Sur le plateau, c’est une cohue sans nom. Artistes, machinistes, danseuses, marcheuses, figurants, choristes, abonnés, tout le monde interroge, crie, se bouscule. — « Qu’est-elle devenue ? » — « Elle s’est fait enlever ! » — « C’est le vicomte de Chagny qui l’a emportée ! » — « Non, c’est le comte ! » — « Ah ! voilà Carlotta ! c’est Carlotta qui a fait le coup ! » — « Non ! c’est le fantôme ! »

Et quelques-uns rient, surtout depuis que l’examen attentif des trappes et planchers a fait repousser l’idée d’un accident.

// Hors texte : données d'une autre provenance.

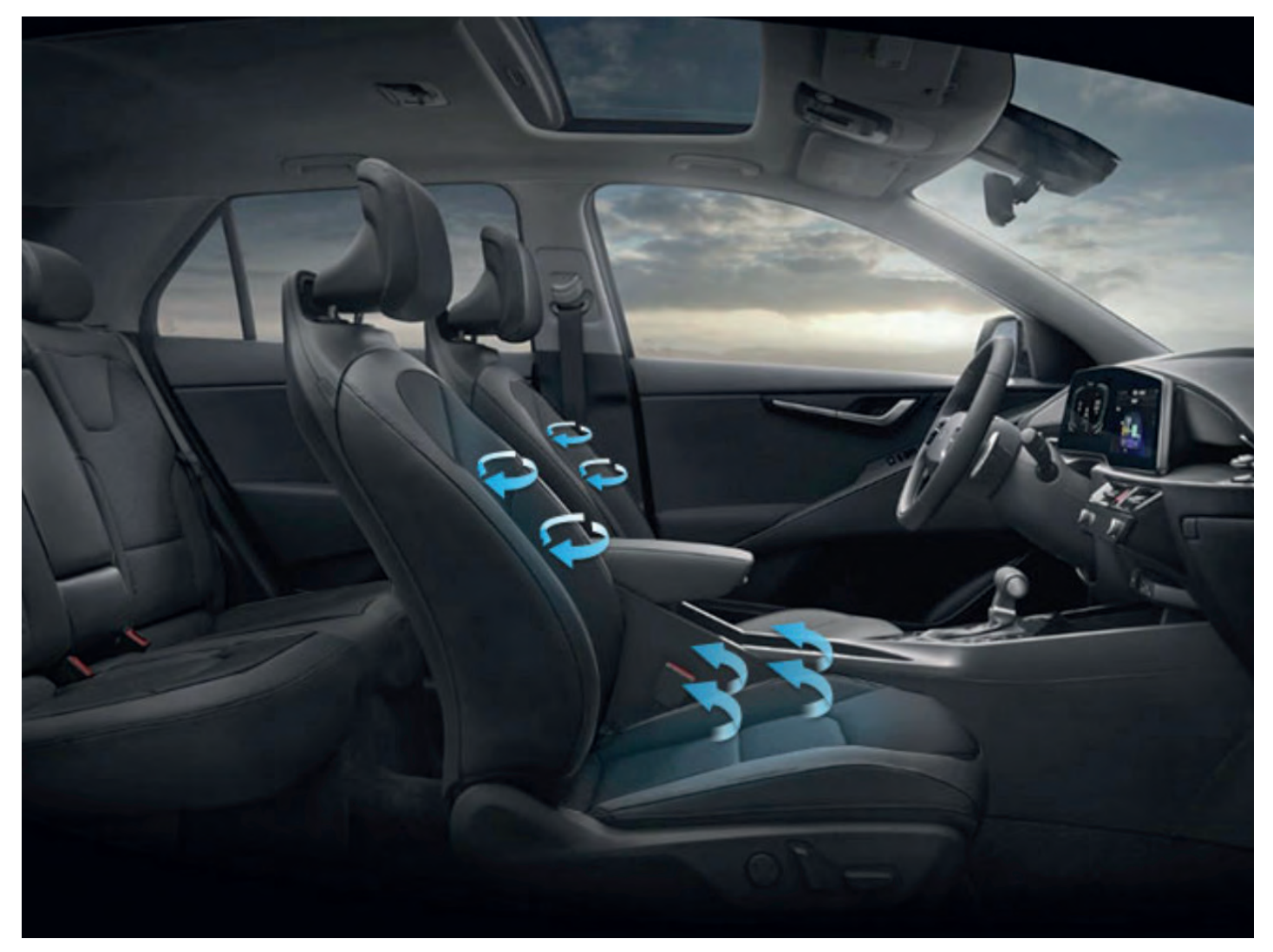
The heated front seats are also available with air cooling and a convenient driver's seat memory function*
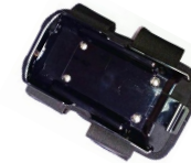
Wearable Arm Mount
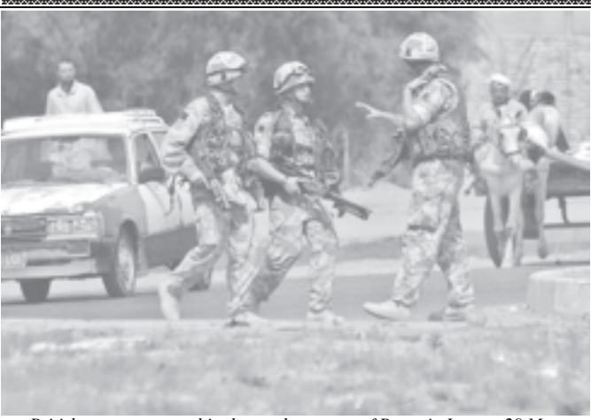
British troops on patrol in the southern town of Basra in Iraq on 29 May,
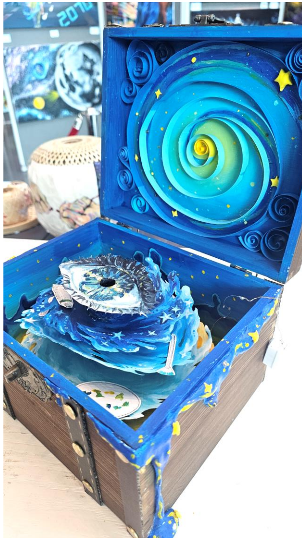
Through props including a treasure chest and lighting, the work showcases the starry sea
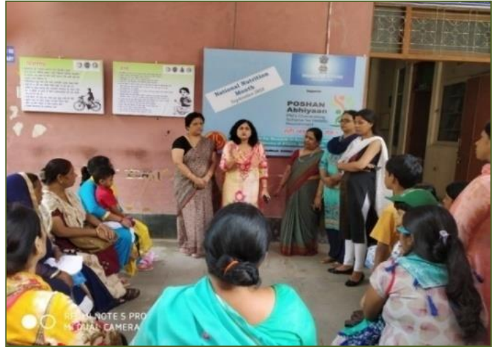
Nutritional awareness camps under Rashtriya Poshan Maah and Poshan Abhiyan at CARICD, Punjabi Bagh
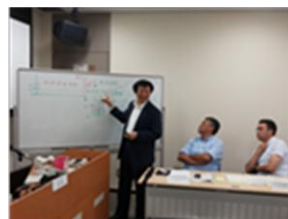
During the lecture

The training will provide participants with an understanding of the situation with BA of Japan, which services they provide to its members, and how they build relationships with the government. This year training representatives of the biggest BA of Kyrgyzstan and Ministry of Economy of KR participated. The dialogue among participants was definitely strengthened. We hope that in the near future we will see a dynamic development among the associations that participated. ●
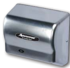
Steel Satin Chrome
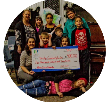
Mini-grant recipient, Bridge Community Center, received funds for musical instruments
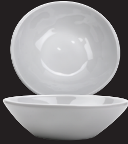
B-5-AM-W Round Monkey Dish 5 oz. 4.25" dia. 1.5" deep 6 dz.
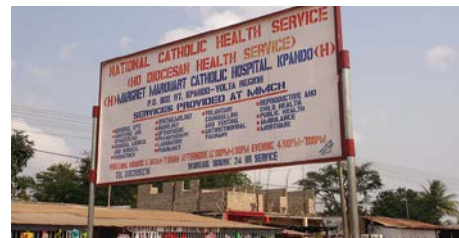
© Kpando Medical Clinical 141.

➤ To find out more about these projects, please visit: www.itad.com/projects/first-and-second-independent-evaluation-of-unaid
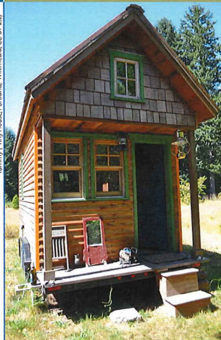
A chassis-mounted tiny house in Portland, Oregon.
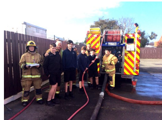
Milton Fire Brigade
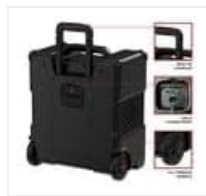
Figure 7: The integrated top handle and all-terrain wheels, designed for easy transport of the speaker.
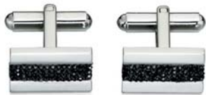
V414 ® crystal

Dans cette foule bruyante, on remarque un groupe de trois personnages qui s’entretiennent à voix basse avec des gestes désespérés. C’est Gabriel, le maître de chant ; Mercier, l’administrateur, et le secrétaire Rémy. Ils se sont retirés dans l’angle d’un tambour qui fait communiquer la scène avec le large couloir du foyer de la danse. Là, derrière d’énormes accessoires, ils parlementent :

« J’ai frappé ! Ils n’ont pas répondu ! Ils ne sont peut-être plus dans le bureau. En tout cas, il est impossible de le savoir ; car ils ont emporté les clefs. »

Ainsi s’exprime le secrétaire Rémy et il n’est point douteux qu’il ne désigne par ces paroles MM. les directeurs. Ceux-ci ont donné l’ordre au dernier entracte de ne venir les déranger sous aucun prétexte. « Ils n’y sont pour personne. »

« Tout de même, s’exclame Gabriel… on n’enlève pas une chanteuse, en pleine scène, tous les jours !…

— Leur avez-vous crié cela ? interroge Mercier.